Project Start Point This is the farthest point to the left of the chart and occurs on day 0 of the project/iteration.
Project End Point This is the point that is farthest to the right of the chart and occurs on the predicted last day of the project/iteration
Number of Workers and Efficiency Factor In the above example, there are an estimated 28 days of work to be done, and there are two developers working on the project, who work at an efficiency of 70%. Therefore, the work should be completed in (28 ÷ 2) ÷ 0.7 = 20 days.
Ideal Work Remaining Line This is a straight line that connects the start point to the endpoint. At the start point, the ideal line shows the sum of the estimates for all the tasks (work) that needs to be completed. At the endpoint, the ideal line intercepts the x-axis showing that there is no work left to be completed. Some people take issue with calling this an "ideal" line, as it's not generally true that the goal is to follow this line. This line is a mathematical calculation based on estimates, and the estimates are more likely to be in error than the work. The goal of a burndown chart is to display the progress toward completion and give an estimate on the likelihood of timely completion.

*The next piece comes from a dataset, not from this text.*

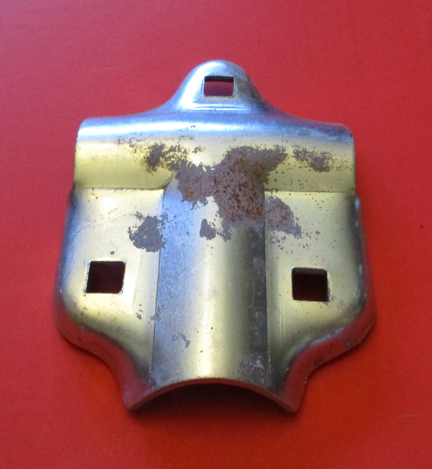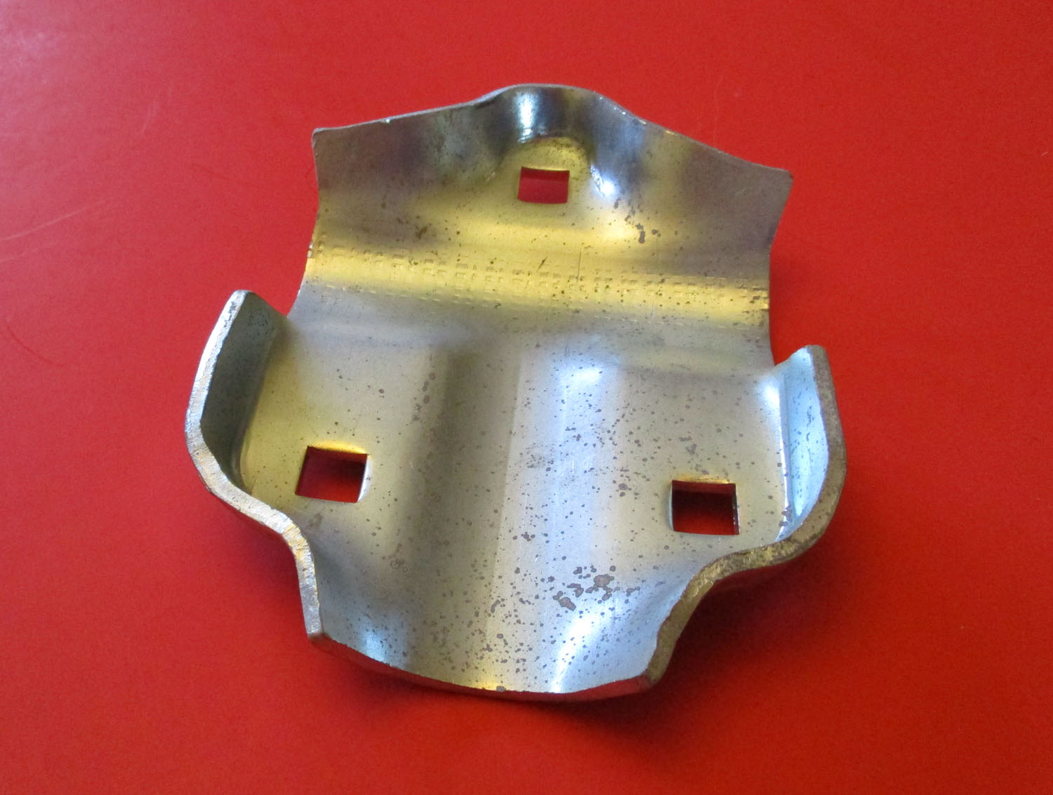 USED This metal, half T clamp measures 5″ long by 3 3/4″ wide by 7/8″ thick. It is for a 1 5/8″ by 1 5/8″ pipe. The Schlueter manufacturer number is 44368.
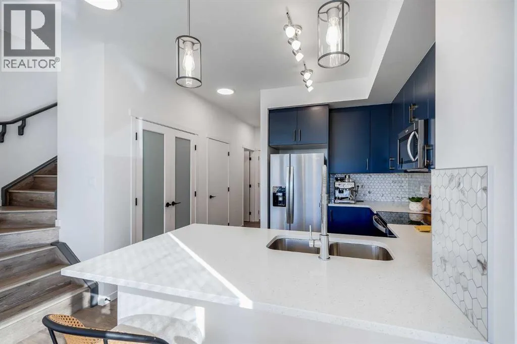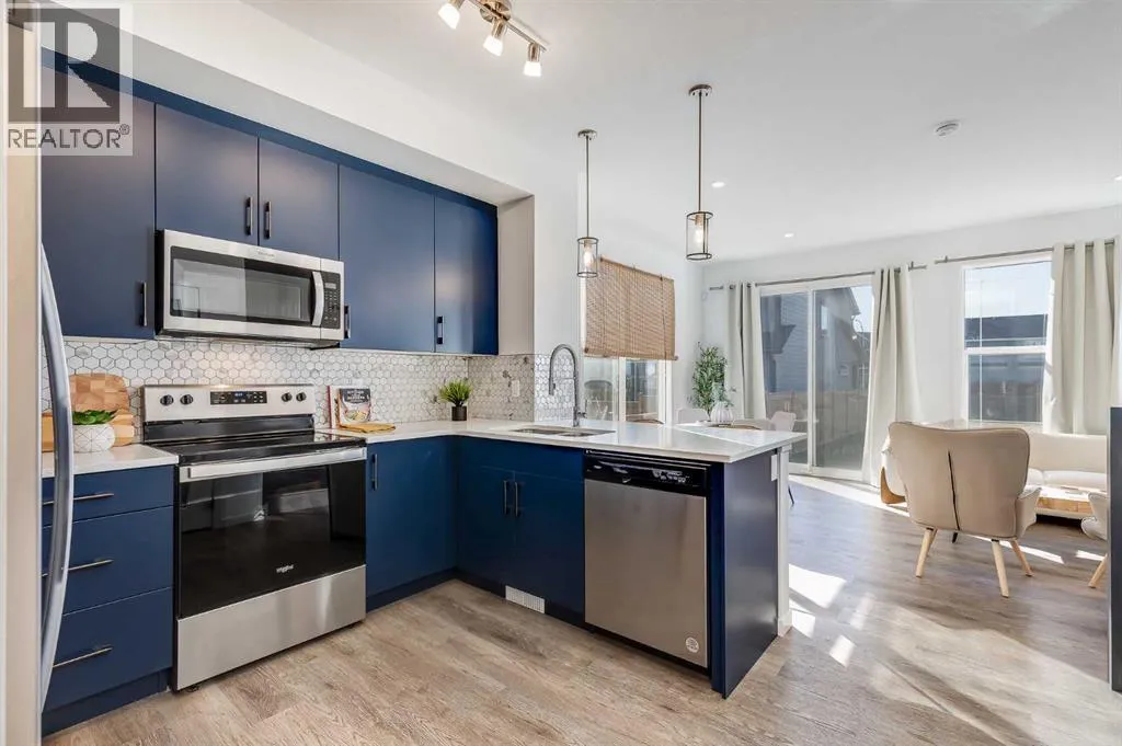Located in the desirable, family-friendly lake community of Mahogany, this semi-detached two-storey home sits on a generously sized lot (nearly double the size of similar properties) and features a single attached garage with an oversized driveway, complete with an electric car charger fitting. Offering approximately 1,500 square feet of thoughtfully designed living space, the home includes three bedrooms and 2.5 bathrooms. The main floor welcomes you with luxury vinyl plank flooring throughout and 9-foot ceilings, creating a bright and inviting atmosphere. A spacious entryway leads to an open-concept kitchen, dining, and living area, where abundant windows allow natural light to fill the space. The kitchen features modern blue cabinetry, a striking backsplash, quartz countertops, a French door fridge, an undermount sink with upgraded faucet, garburator, a double-door pantry with frosted glass, and breakfast bar seating. Stainless steel appliances and upgraded lighting complete the modern feel. Sliding glass doors from the dining area provide seamless access to the backyard, while a convenient two-piece powder room serves the main level. Upstairs, luxury vinyl plank flooring continues into a bonus room, three bedrooms, and the laundry area. The bonus room features an upgraded window, adding both style and natural light. The primary retreat includes dual closets and a four-piece ensuite, while the two additional bedrooms share a three-piece bathroom with an oversized shower and built-in seat. Upgrades such as metal spindle railings, pot lights, and enhanced lighting fixtures throughout the home contribute to a total of roughly $50,000 in modern enhancements. The basement, with 9-foot ceilings, awaits your personal touch and includes a bathroom rough-in, offering flexibility for future development. Outside, the expansive backyard spans 324 feet deep, perfect for creating distinct zones for gardening, a kidsâ play area, lush lawn, and a BBQ space to entertain friends a nd family. This home is a short 15-minute walk to the Mahogany Beach Club and its amenities. The lake offers sandy beaches, a non-motorized marina, swimming, paddleboarding, kayaking, fishing, and year-round recreational opportunities, including ice skating and hockey in winter. West Beach and Central Beach feature sports courts, playgrounds, picnic sites, and fire pits. A future school is planned right behind the backyard, and the communityâs 74 acres of wetlands are just a 15-minute walk away. Nearby amenities include Mahogany Village Market, Westman Village, restaurants such as Chairmanâs Steakhouse and Alvinâs Jazz Club, and convenient access to Seton YMCA, the Calgary Public Library, and schools including Mahogany School, Lakeshore School, and Joanne-Cardinal Schubert High School. Easy connections to 52nd Avenue and Stoney Trail make commuting a breeze! Check out the floor plans and 3D tour for a closer look! (id:27476)

Actual Work Remaining Line This shows the actual work remaining. At the start point, the actual work remaining is the same as the ideal work remaining but as time progresses, the actual work line fluctuates above and below the ideal line depending on this disparity between estimates and how effective the team is. In general, a new point is added to this line each day of the project. Each day, the sum of the time or story point estimates for work that was recently completed is subtracted from the last point in the line to determine the next point.

Measuring performance

Actual Work Line is above the Ideal Work Line If the actual work line is above the ideal work line, it means that there is more work left than originally predicted and the project is behind schedule.
Actual Work Line is below the Ideal Work Line If the actual work line is below the ideal work line, it means that there is less work left than originally predicted and the project is ahead of schedule.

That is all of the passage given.